Your goal -> From the entries below, write out exactly the lines between the line holding "Eight Lladro porcelain" and the line holding "不過也有網友認為:「每家人教", inclusive, excluding any pictures.

(Data extracted from a collection)
# # #
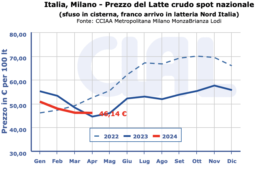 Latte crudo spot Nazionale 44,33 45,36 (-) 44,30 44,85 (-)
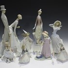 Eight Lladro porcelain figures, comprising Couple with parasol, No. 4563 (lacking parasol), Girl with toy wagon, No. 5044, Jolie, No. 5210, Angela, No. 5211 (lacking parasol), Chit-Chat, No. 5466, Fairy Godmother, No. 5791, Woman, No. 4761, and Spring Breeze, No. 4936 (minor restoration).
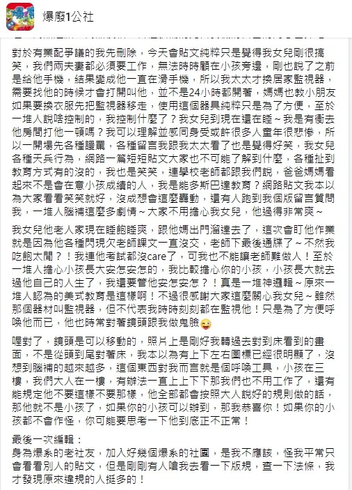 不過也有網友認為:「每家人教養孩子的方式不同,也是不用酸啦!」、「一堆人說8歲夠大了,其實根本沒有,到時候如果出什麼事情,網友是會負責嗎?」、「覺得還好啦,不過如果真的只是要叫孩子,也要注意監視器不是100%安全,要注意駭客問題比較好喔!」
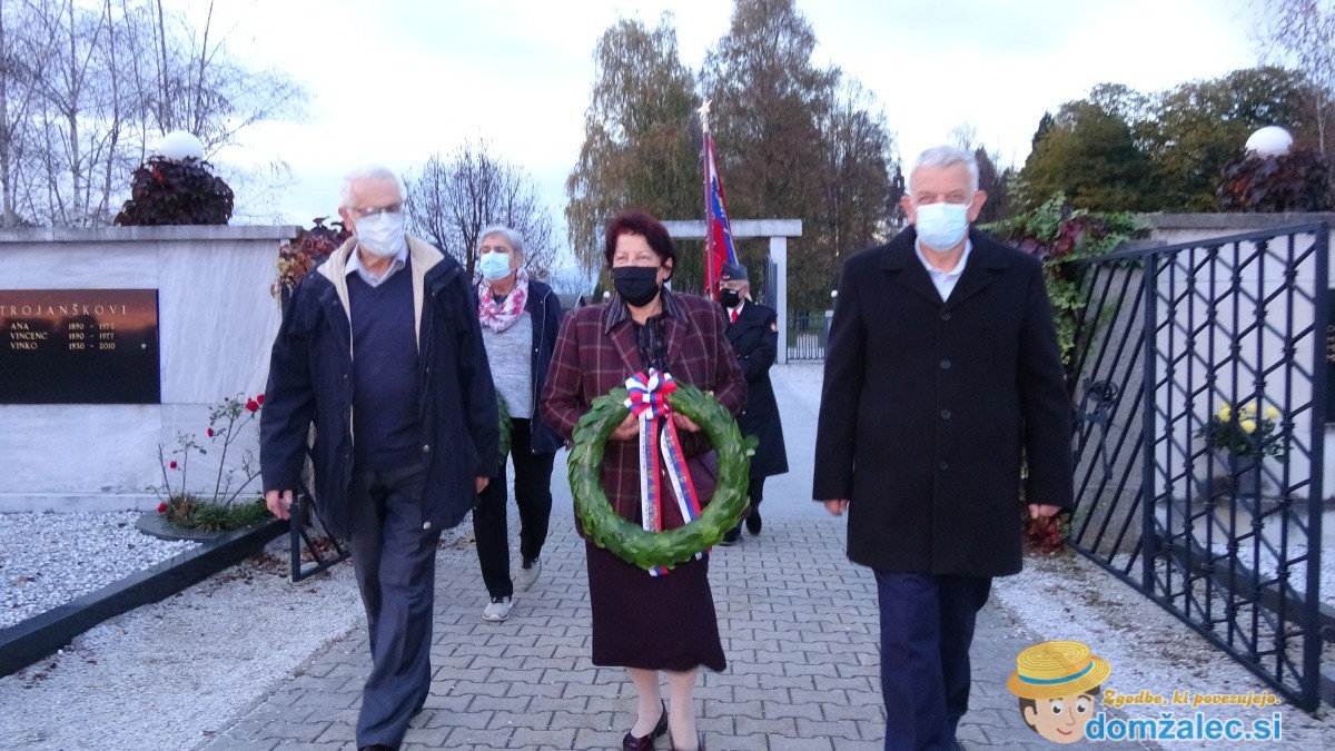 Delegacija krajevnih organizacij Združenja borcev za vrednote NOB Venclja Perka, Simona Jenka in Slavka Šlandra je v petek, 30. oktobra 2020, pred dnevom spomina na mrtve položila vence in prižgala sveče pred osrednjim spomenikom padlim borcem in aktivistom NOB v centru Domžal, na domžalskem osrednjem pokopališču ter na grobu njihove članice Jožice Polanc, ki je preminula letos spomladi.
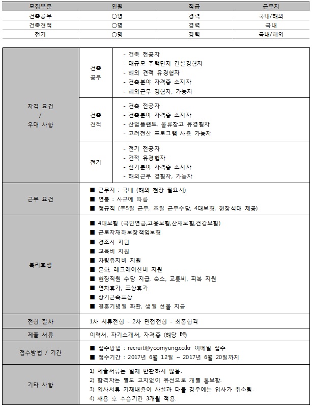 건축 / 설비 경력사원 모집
# # #
Finished exercise ->
 Eight Lladro porcelain figures, comprising Couple with parasol, No. 4563 (lacking parasol), Girl with toy wagon, No. 5044, Jolie, No. 5210, Angela, No. 5211 (lacking parasol), Chit-Chat, No. 5466, Fairy Godmother, No. 5791, Woman, No. 4761, and Spring Breeze, No. 4936 (minor restoration).
 不過也有網友認為:「每家人教養孩子的方式不同,也是不用酸啦!」、「一堆人說8歲夠大了,其實根本沒有,到時候如果出什麼事情,網友是會負責嗎?」、「覺得還好啦,不過如果真的只是要叫孩子,也要注意監視器不是100%安全,要注意駭客問題比較好喔!」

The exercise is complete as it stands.